Here I put some familiar concepts in abstract algebra to help remembering them. Most of the notions and explanations are obtained from Wikipedia. I simplify (may over simplify) the concepts scattered in different places and put them together in a more logic-clear order (as least for myself).
- A group is a set of elements together with an operation that combines two of its elements to form a third element satisfying the closure, associativity, identity and invertibility axioms. A group has the most widely applications in Physics, Chemistry, and other fields. The notion of groups arose in the 1830s, and was firmly established around 1870. Modern group theory studies groups in their own right. Various notions are devised to break groups into smaller, better understandable pieces, such as subgroups, quotient groups and other groups.

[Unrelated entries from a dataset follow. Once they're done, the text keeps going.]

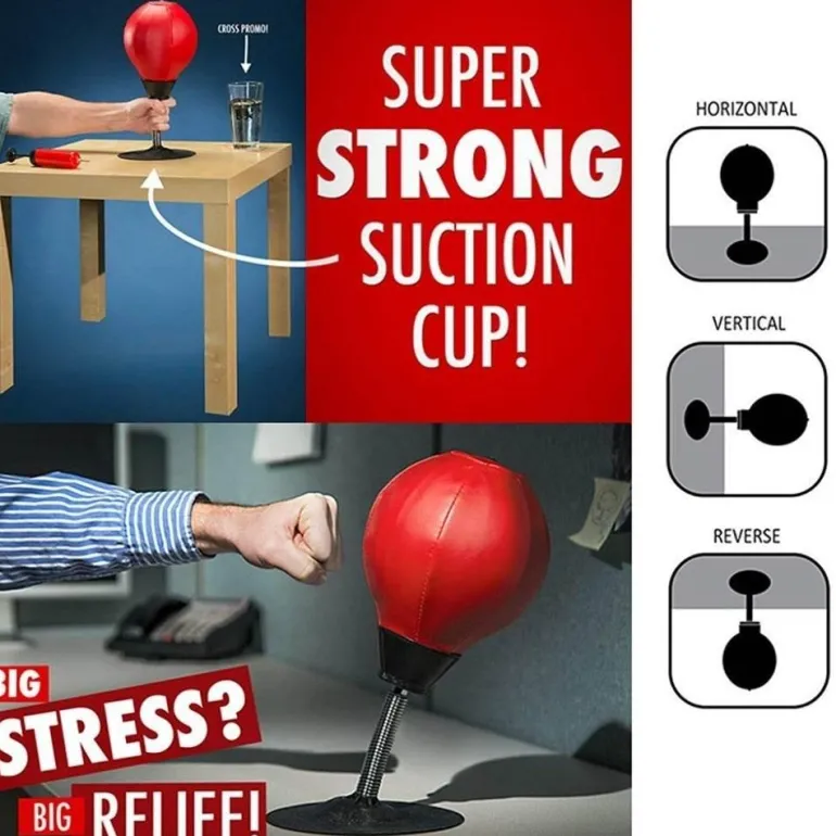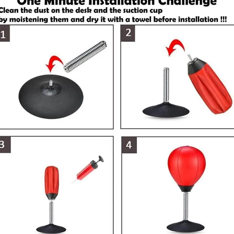 Dank des breiten Saugnapfs, der sicher auf jeder flachen, sauberen und trockenen Oberfläche haftet, ist der Aufbau Ihres Tischboxsacks kinderleicht. Die langlebige Hochdruckfeder sorgt bei jedem Schlag für einen angenehmen Rückstoß und macht jeden Schlag zum Vergnügen. Der Aufbau geht schnell und ohne Werkzeug, sodass Sie in Sekundenschnelle mit Ihrem Stressabbau-Training beginnen können.
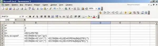 любое квадратное уравнение, изменив значения коэффициентов квадратного уравнения. Электронная таблица мгновенно найдет корни.
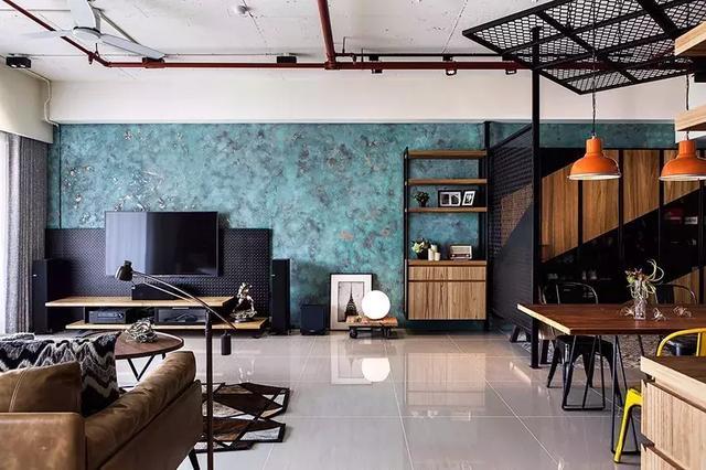 引人注目的搖滾樂背景墻,暴露的管道,組合成一個個性十足的工業氣氛空間。
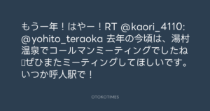 もう一年!はやー!RT @kaori_4110: @yohito_teraoka 去年の今頃は、湯村温泉でコールマンミーティングでしたね♪ぜひまたミーティングしてほしいです。いつか呼人駅で!
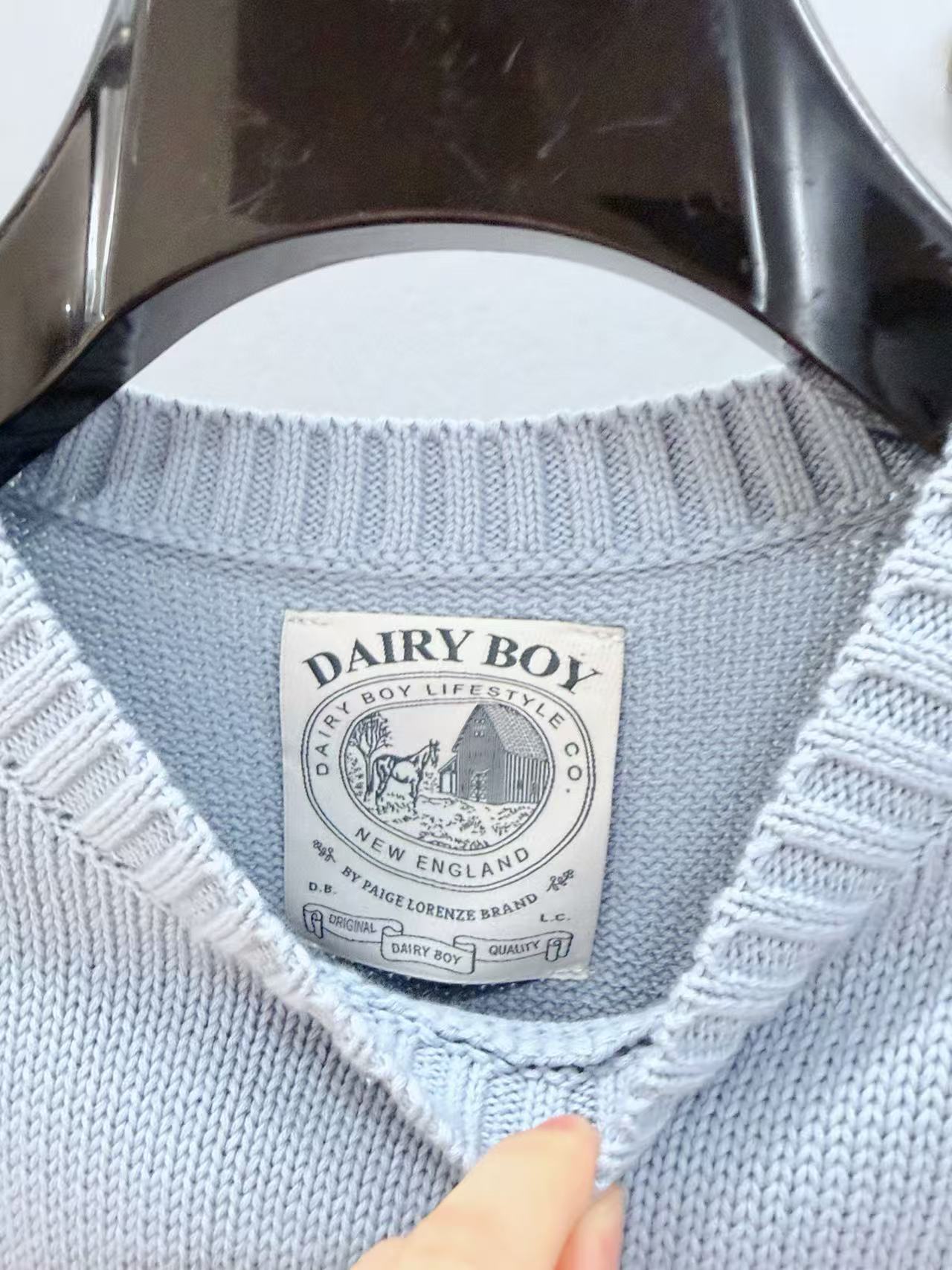 這件毛衣真的很特別!顏色像被海鹽輕輕柔化的松綠,或像海洋浸染的藍色,低調卻充滿詩意。

- An abelian group is a group in which the axiom of commutativity is added, i.e., the group operation to two group elements does not depend on their order. The abelian group is generally simpler than that of their non-abelian counterparts. Finite abelian groups are very well understood. Infinite abelian groups are an area of current research.
- A ring is an abelian group with another binary operation. The abelian group operation is called “addition”, and the newly added operation is called “multiplication” in analogy with the integers. The multiplication is associative and distributive over the addition (both left and right distributivity). We also agree (or assume) that there is a multiplicative identity `1′ in a ring. If the multiplicative identity does not exist, we call it a rng (or a pseudo-ring). A ring can be considered as a generalization of the integers to other mathematical objects, such as polynomials, series, matrices and functions. The formal definition of rings is relatively recent, dating from the 1920s.
- A commutative ring is a ring in which the multiplication operation is commutative. The study of commutative rings is called commutative algebra.
- A field is a commutative ring that contains a multiplicative inverse for every nonzero element, or equivalently whose nonzero elements form an abelian group under multiplication. Fields are the most familiar concepts in the sense that we learn the knowledge about fields in our primary and middle schools. In a field, we can have the notions of addition, subtraction, multiplication and division. Common fields are the real numbers, the complex numbers, the rational numbers, the functions and so forth.
- groups = the most basic algebraic structures (closure, associativity, identity and invertibility);
- abelian groups = groups + commutativity;
- rings = abelian groups + associative and distributive multiplication;
- commutative rings = rings + commutative multiplication;
- fields = commutative rings + inverse multiplication.